In particular, there is no way to change |x| to anything simpler, unless you happen to know whether x might be positive or negative. If you do know, then you can say this:

If …then …
x is positive (or zero), |x| = x.
x is negative (or zero), |x| = −x.
But in general, you only know that |x| is either x or −x, and you can't say which. You can, however, say that |x| is either positive or zero; whatever x itself may be, its absolute value |x| is never negative.

## Order

Since real numbers are arranged in a line, we can consider which of two numbers come first in a given direction. If one number comes before another as we go in the positive direction, then this number is less than the other. And if one number comes before another as we go in the negative direction, then this number is greater than the other. Of course, the remaining possibility is that the two numbers come at precisely the same point; then these numbers are equal. Given any two numbers, exactly one of these situations can arise.

For example, in the number line below, the positive direction is to the right and the negative direction is to the left (as is usual). Accordingly, since 2 is the left of 3, 2 is less than 3, which is written 2 < 3. Similarly, since 1 is to the right of −4, 1 is greater than −4, which is written 1 > −4. Finally, since 2 is of course the same as 2, 2 is equal to 2, written 2 = 2. Given any two expressions for real numbers, exactly one of the three symbols ‘<’, ‘>’, and ‘=’ is appropriate to put between them. If you can see the numbers on a number line, it's obvious which symbol to use. Otherwise, you can calculate it by subtracting, as in this table:

If a − b is … then …
positive,a > b.
negative,a < b.
zero,a = b.
Here I've used a little algebra to summarise infinitely many different facts in a few lines. To use this, you would put specific numbers in place of the variables a and b. This is particularly useful in the case of fractions. For example, because 2/3 − 3/4 works out to −1/12, which is negative, you know that 2/3 < 3/4.

The symbols ‘<’, ‘>’, and ‘=’ give complete information about the relative order of two real numbers. Sometimes you only have partial information; then you can use the symbols ‘≤’, ‘≥’, and ‘≠’, as follows:

If …then … or …but not
a ≤ b,a < b, a = b,a > b.
a ≥ b,a > b, a = b,a < b.
a ≠ b, a < b,a > b, a = b.
For example, since 2 < 3, it is correct to say that 2 ≤ 3, and it's also correct to say that 2 ≠ 3, but it's wrong to say that 2 ≥ 3. Also, if you learn in an algebra problem that x ≥ 4, then it may be that x > 4 or that x = 4; you don't know which, but you do at least know that x < 4 is false.

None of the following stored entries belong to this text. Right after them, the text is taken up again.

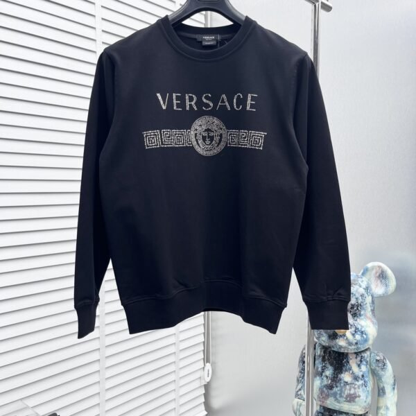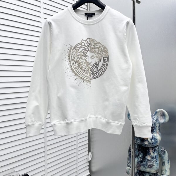 سويت شيرت فيرساتشي خريف وشتاء جديد، بياقة دائرية مرصعة بالألماس
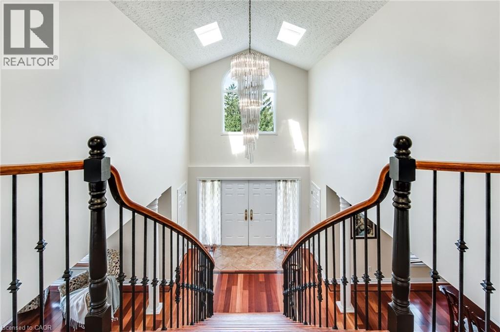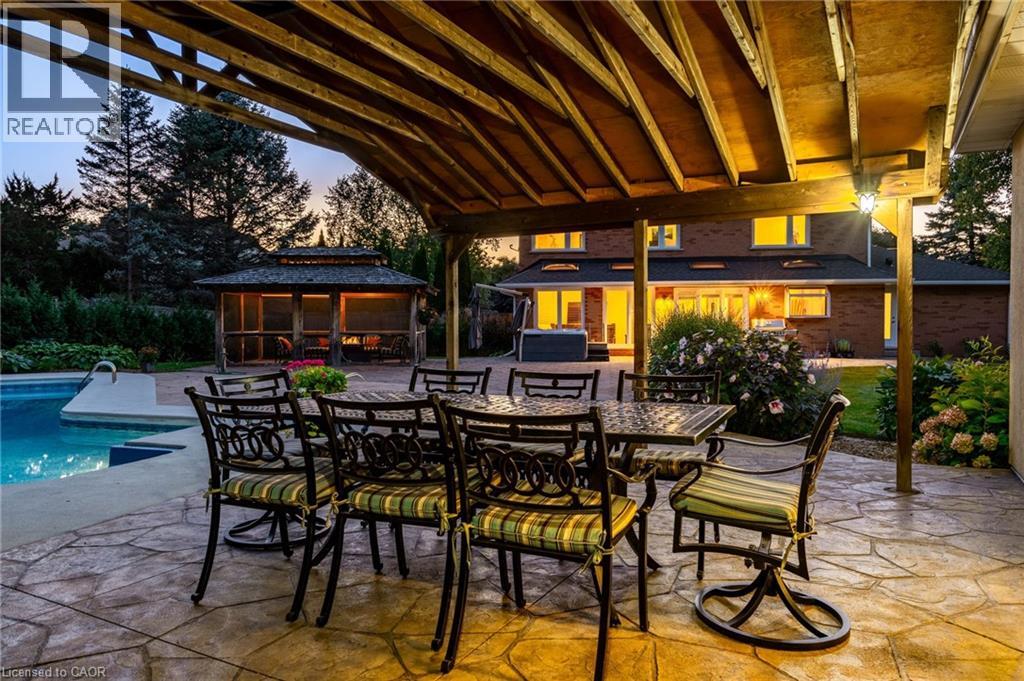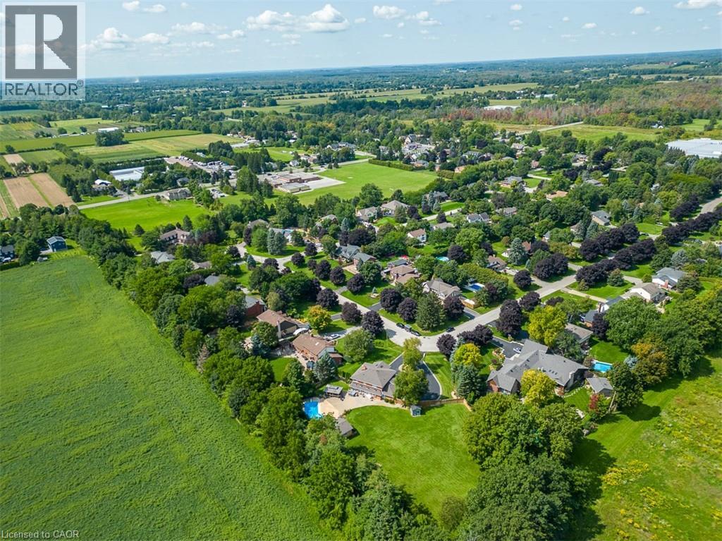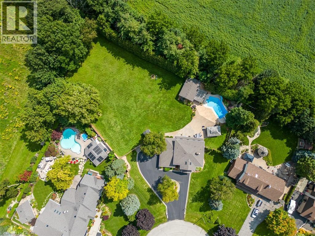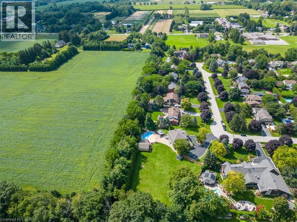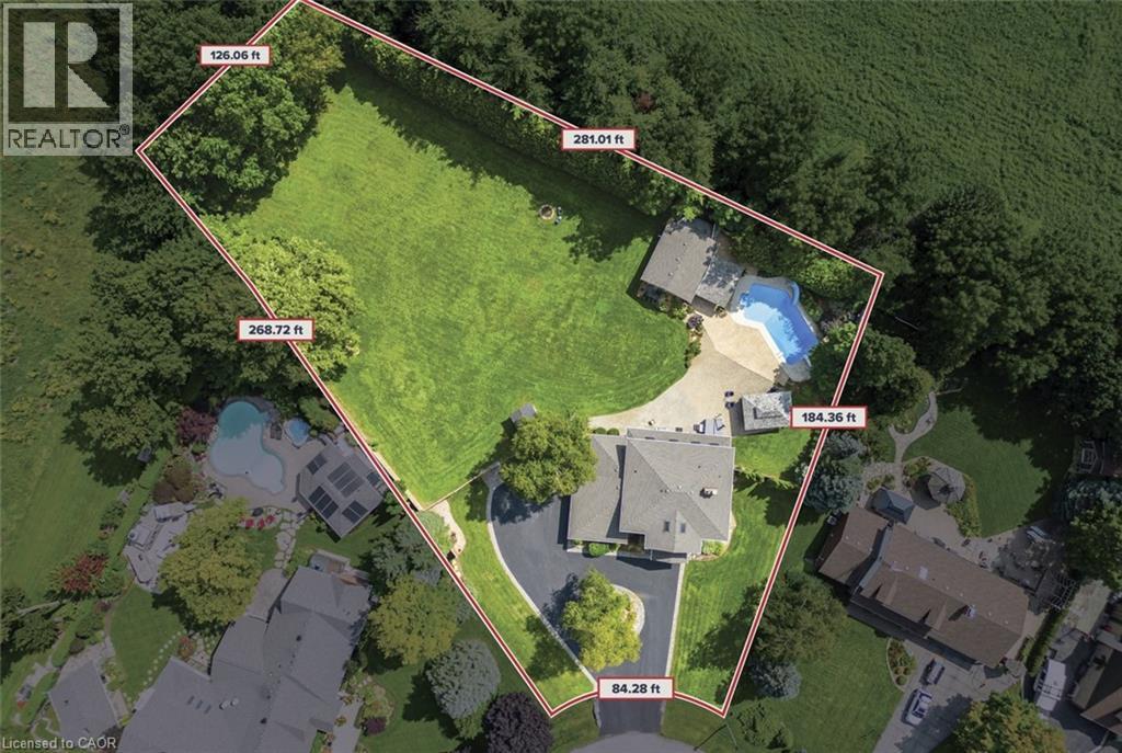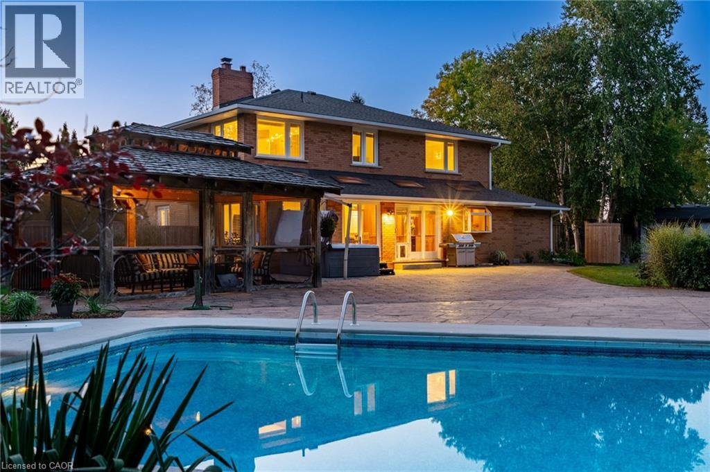 Situated on a quiet, beautifully manicured 0.99-acre lot in one of the most exclusive enclaves in the area, this impressive two-storey brick estate immediately captures attention with its elegant curb appeal, circular driveway, and landscaped centrepiece. This home has it all, offering four bedrooms, four bathrooms and over 4000 square feet of living space. No rear neighbours, an inground pool, hot tub, workshop & gazebo with a natural gas fireplace outside. The backyard is flat, unobstructed and surrounded by trees. Plenty of useable space for entertaining, family games/events and a huge ice rink. Breathtaking foyer illuminated by cascades of natural light and a stunning centre staircase. Exquisite Brazilian hardwood flooring flows seamlessly through the formal dining and entertainment spaces, where a natural gas fireplace adds a warm, ambiance ideal for both grand entertaining and intimate gatherings. The custom kitchen is a masterpiece of craftsmanship, featuring cherry maple oak soft-close cabinetry, under-cabinet lighting, heated floors, granite countertops, skylights, and a toe-kick central vacuum for effortless living. The step-down living room features large windows overlooking the private back yard, pot lights through-out and gleaming hardwood floors. The expansive primary suite impresses with two walk-in closets, custom built-in wall-to wall cabinetry, and an elegant ensuite featuring dual vanities and a walk-in shower. The fully finished basement features a spacious recreation room, a bathroom, a private office, an oversized storage room, and a separate walk-up staircase leading directly to the garage. Nestled in a prime location just five minutes from Waterdown, this location offers unrivaled access to excellent schools, parks, trails, golf courses, and fitness centers, a rare setting where every lifestyle amenity is within easy reach, yet the surroundings remain serene and exclusive. (id:4555)
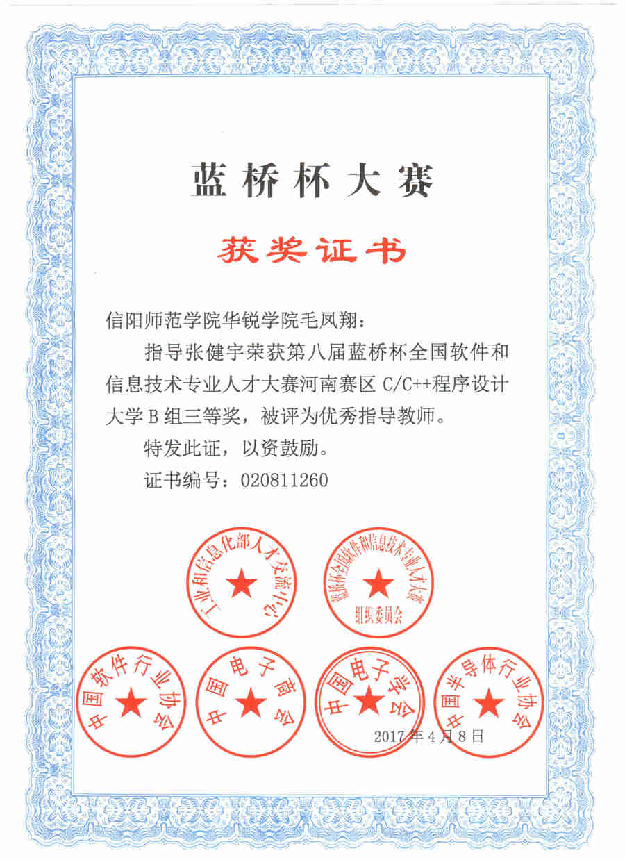 由工业和信息化部人才交流中心、教育部全国高等学校学生信息咨询与就业指导中心联合举办的第八届蓝桥杯全国软件和信息技术专业人才大赛落下帷幕。我校参赛学生在本次比赛中荣获佳绩,其中,数学与信息学院2014级张健宇获C/C++类B组河南赛区三等奖;毛凤翔被评为“优秀指导教师”。
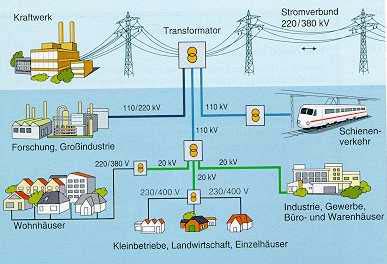 In den Umspannwerken wird die Spannung von 110 kV auf die Verteilspannung von 10 kV oder 20 kV umgespannt.
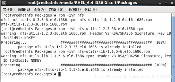 输入命令[root@redhatnfs Packages]# rpm -ivh nfs,接着按【Tab】键,自动会列出都有哪些以nfs开头的安装包,如图
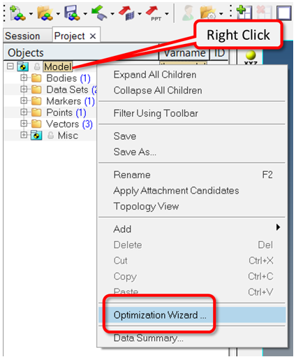- Right-clicking on Model in the Project Browser and choosing Optimization Wizard
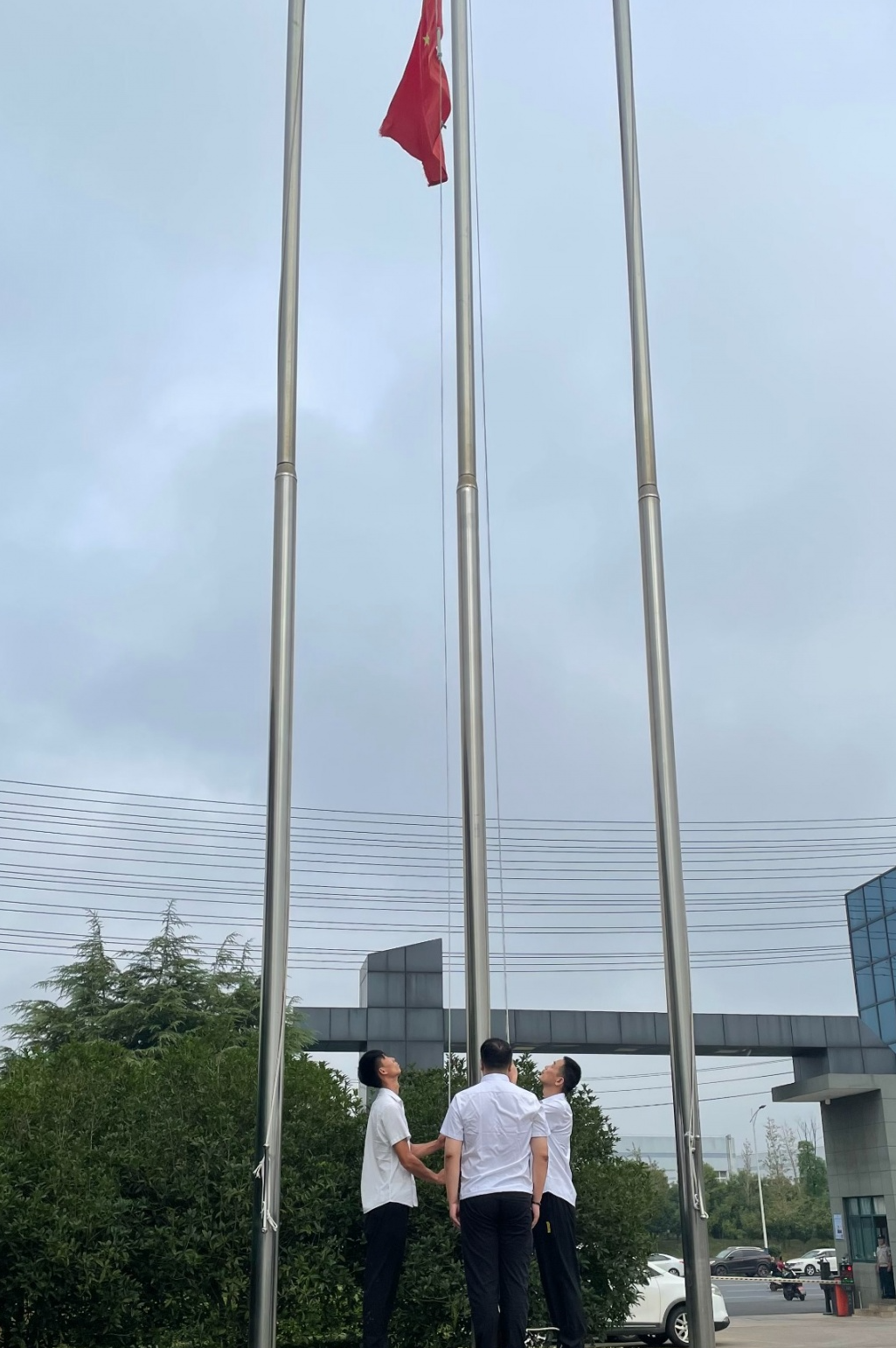 9月4日清晨,凯欧纺织全体员工在广场上参加9月份升国旗仪式,随着激昂的《义勇军进行曲》响起,国旗仪仗队的三名员工迈着铿锵有力的步伐,护送着五星红旗正步走向旗杆,台下员工面向国旗肃立致礼。

You can also compare complicated expressions built using the various operations. For example, to compare 3 + 4 and 2 · 5, you calculate that 3 + 4 is 7, while 2 · 5 is 10; since 7 < 10, you can conclude that 3 + 4 < 2 · 5. In summary:

• original problem: 3 + 4 ? 2 · 5;
• work out the left side: 3 + 4 = 7;
• work out the right side: 2 · 5 = 10;
• compare the results: 7 < 10;
• answer the original question: 3 + 4 < 2 · 5.

For a more complicated example, compare |3 − 4| with 2 · 3 − 5:

• original problem: |3 − 4| ? 2 · 3 − 5;
• work out the left side: |3 − 4| = |−1| = 1;
• work out the right side: 2 · 3 − 5 = 6 − 5 = 1;
• compare the results: 1 = 1;
• answer the original question: |3 − 4| = 2 · 3 − 5.
You will do such comparisons often throughout this course.